Ciliegina sulla torta? La formazione che accompagna
Cooper:
Paul Randolph, bassista leggendario nella scena di Detroit,
Johnny “Bee” Badanjek alla batteria, direttamente dai Detroit Wheels, ma soprattutto un certo
Wayne Kramer, leggendaria ascia degli altrettanto leggendari MC5, un soggettino tutto pepe che all’epoca ha contribuito in prima persona a creare e caratterizzare, con la sua band, il Detroit sound, e che si è integrato alla grande nella composizione a quattro mani con
Alice. Per rendere il tutto ancora più autentico, l’album è stato registrato presso i Rustbelt Studio, naturalmente a Detroit.

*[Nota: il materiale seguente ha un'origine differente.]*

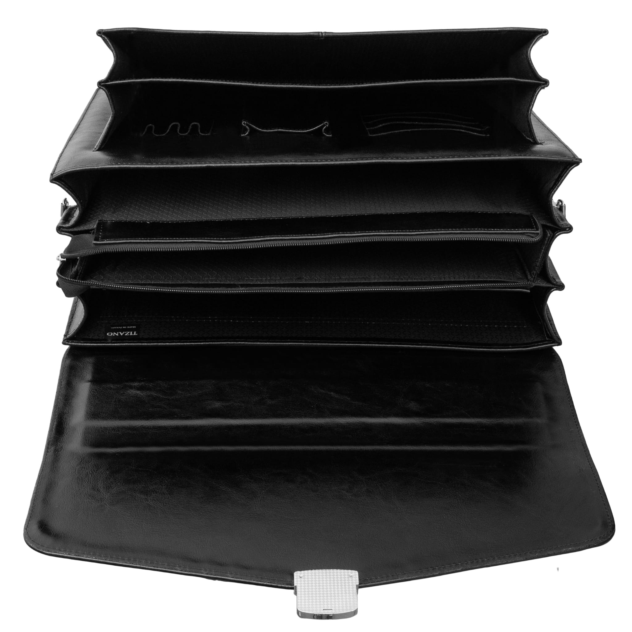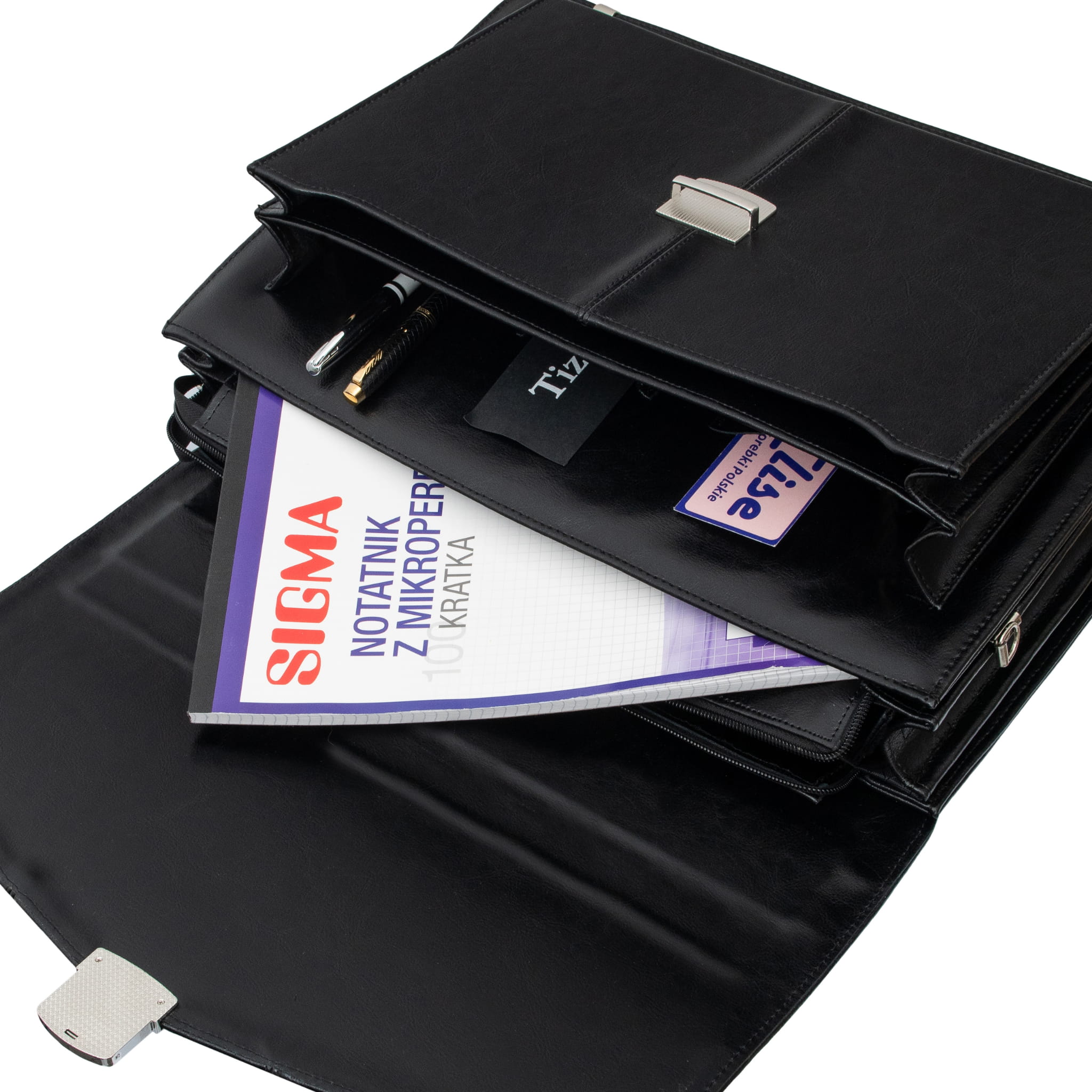 Wnętrze teczki zostało zaprojektowane z myślą o perfekcyjnym porządku. Model Tizano oferuje aż 3 duże komory, dzięki którym bez trudu posegregujesz dokumenty formatu A4 oraz niezbędne akcesoria biurowe.

Due parole sulla musica, e non più di due, in quanto sarebbero davvero sprecate: l’album è valido dalla prima all’ultima canzone, non c’è un episodio debole. La chitarra di
Kramer graffia ed incarna alla perfezione quel suono ruvido e nervoso tipico di quel periodo magico, ma soprattutto supporta alla grande l’ennesima prova dietro il microfono di
Vincent Damon Furnier, che sembra davvero spassarsela alla grande a cantare queste quindici canzoni e che non ha la benchè minima intenzione di ritirarsi a vita privata, e per fortuna, aggiungo io…
Ecco quindi il rock and roll di “
Sister Anne”, la teatrale “
Independence Dave”, il proto punk di “
I hate you” e di “
Go man go”, la ruffiana ed autocelebrativa “
Detroit city 2021”, l’hard boogie di “
Shut up and rock” e di “
Hail Mary”. E ancora, il blues sinuoso di “
$1000 high heels shoes” e quello più sporco, sudato e sanguigno di “
Drunk and in love”, oppure il beat beatlesiano di “
Our love will change the world”. Insomma, di carne a cuocere ce n’è davvero tanta, e soddisferà ogni tipo di palato, non credo ci sia bisogno di aggiungere molto altro. Se amate
Alice Cooper e vi sono piaciuti i suoi ultimi album in studio, apprezzerete anche questo, a maggior ragione se, come già detto, vi garba soprattutto il suo periodo più sanguigno e meno patinato.
Se avete intenzione di acquistare l’album, sappiate che è stato pubblicato dalla
earMUSIC in diverse versioni: CD, CD+ DVD digipack, CD Box Set (CD, Blu-Ray, T-shirt, mascherina, una piccola torcia e tre adesivi), e infine in doppio LP gatefold. Il DVD e il Blu-Ray contengono il live show “A paranormal evening at the Olympia Paris”, per la prima volta disponibile in video.